There are three most important components in writing SQLAlchemy code:

  1. A Table that represents a table in a database.
  2. A mapper that maps a Python class to a table in a database.
  3. A class object that defines how a database record maps to a normal Python object.

Instead of having to write code for Table, mapper and the class object at different places, SQLAlchemy's declarative allows a Table, a mapper and a class object to be defined at once in one class definition.

Python Central, "Introductory Tutorial of Python's SQLAlchemy", 2015-07-12 08:52:21 UTC

Database Structure

To expose a database to your Python programs, you will need to define a Python module which serves the purpose of declarative definitions. You have two ways to go about doing this:

  1. Generating your declarative definitions file from a pre-existing database.
  2. Creating a declarative definitions file, which can also setup your database and tables.

Both options are explored below, and beyond connectivity, we will explore basic CRUD operations, including with ACID, when applicable.

Generating declarative definitions

If you already have a pre-existing database (or are used to scaffolding in CakePHP, and want to perform similar from MySQL Workbench, phpMyAdmin, SQLPro for MySQL, SQLPro for Postgres, Adminer etc.), you can use the sqlacodegen Python module to build mapper files for SQLAlchemy.

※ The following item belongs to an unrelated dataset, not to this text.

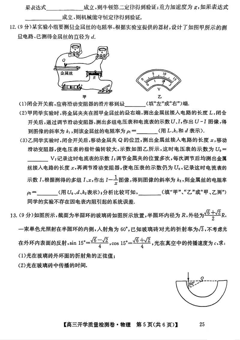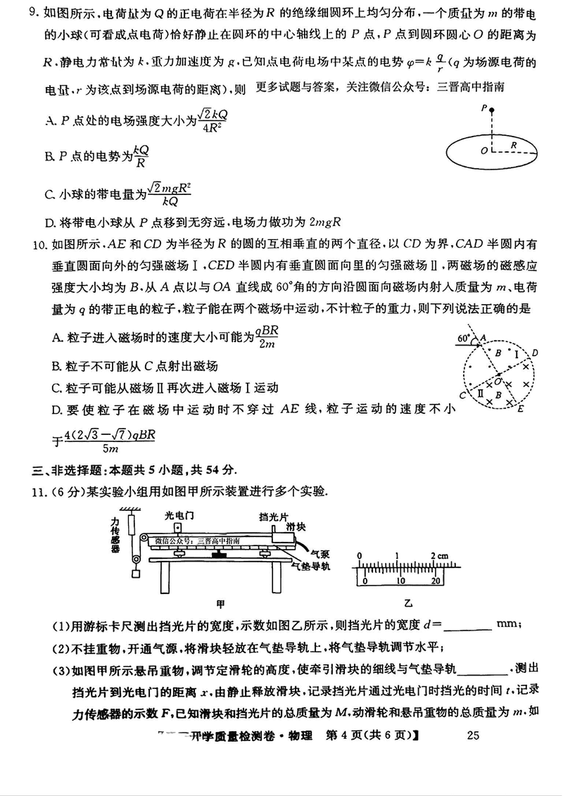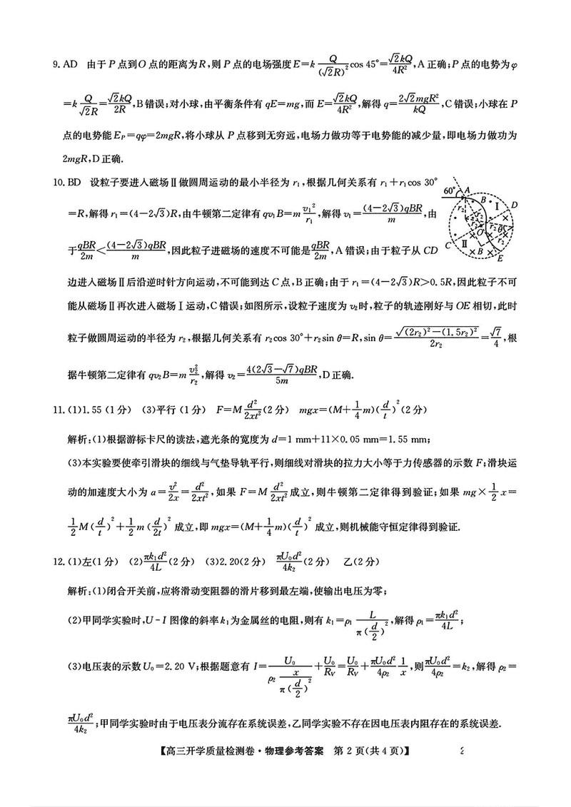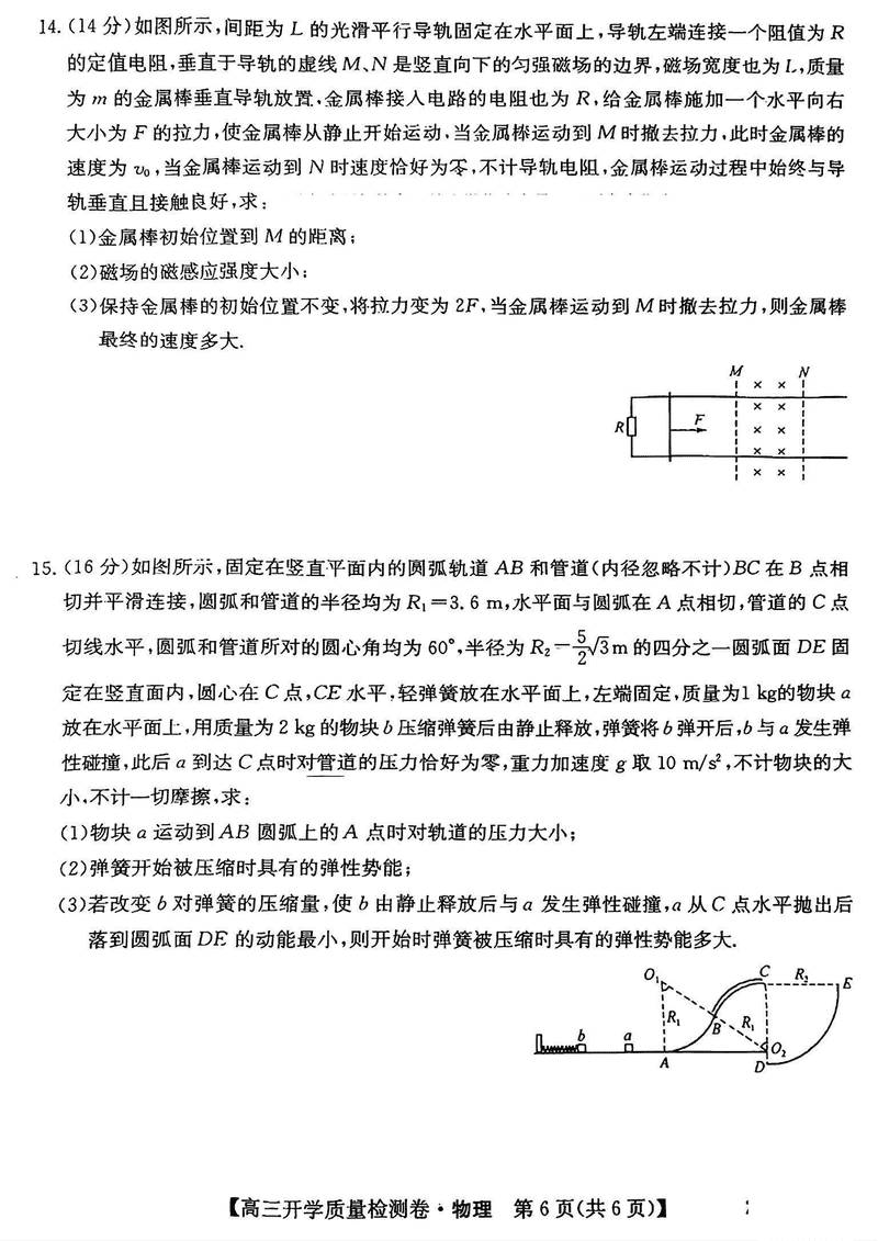 山西卓越联盟2025届高三下学期2月开学物理试题及答案
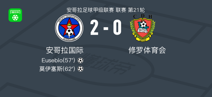 安哥拉国际2-0修罗体育会,Eusebio建功,莫伊塞斯锁定胜局

At the minimum, you have to give sqlacodegen a database URL. The URL is passed directly to SQLAlchemy’s create_engine() method so please refer to SQLAlchemy’s documentation for instructions on how to construct a proper URL.

sqlacodegen, Python Package Index, version 1.1.6

WARNING: You should use a temporary password for accessing your database via sqlacodegen, as your password can be viewed through both the history and/or process list; even if you try and redirect the password into the process. You can try and store the password in an environment variable, but nothing is guaranteed. 1) 2)

  • Open your command line, and change to your project directory to activate your pyenv-based virtualenv, as mentioned in aforementioned setup instructions.
    • cd ~/your/project/directory
  • Use a proper connection URL for your database.
  • PostgreSQL
    • sqlacodegen postgresql:///some_local_db
  • MySQL
    • Host connection format
      • sqlacodegen mysql://user:password@hostname/dbname
        • Note: If you use "localhost" instead of (e.g. for tunneling) or a hostname; by default, sqlacodegen will look for a socket file at /tmp/mysql.sock
    • Unix socket file format
      • sqlacodegen mysql://user:password@localhost/dbname?unix_socket=/path/mysqld.sock
      • Examples
        • Ubuntu 14
          • sqlacodegen mysql://user:password@localhost/dbname?unix_socket=/var/run/mysqld/mysqld.sock
        • MAMP on OSX
          • sqlacodegen mysql://user:password@localhost/dbname?unix_socket=/Applications/MAMP/tmp/mysql/mysql.sock
  • SQLite
    • sqlacodegen sqlite:///database.db

(To see the full list of options: sqlacodegen --help)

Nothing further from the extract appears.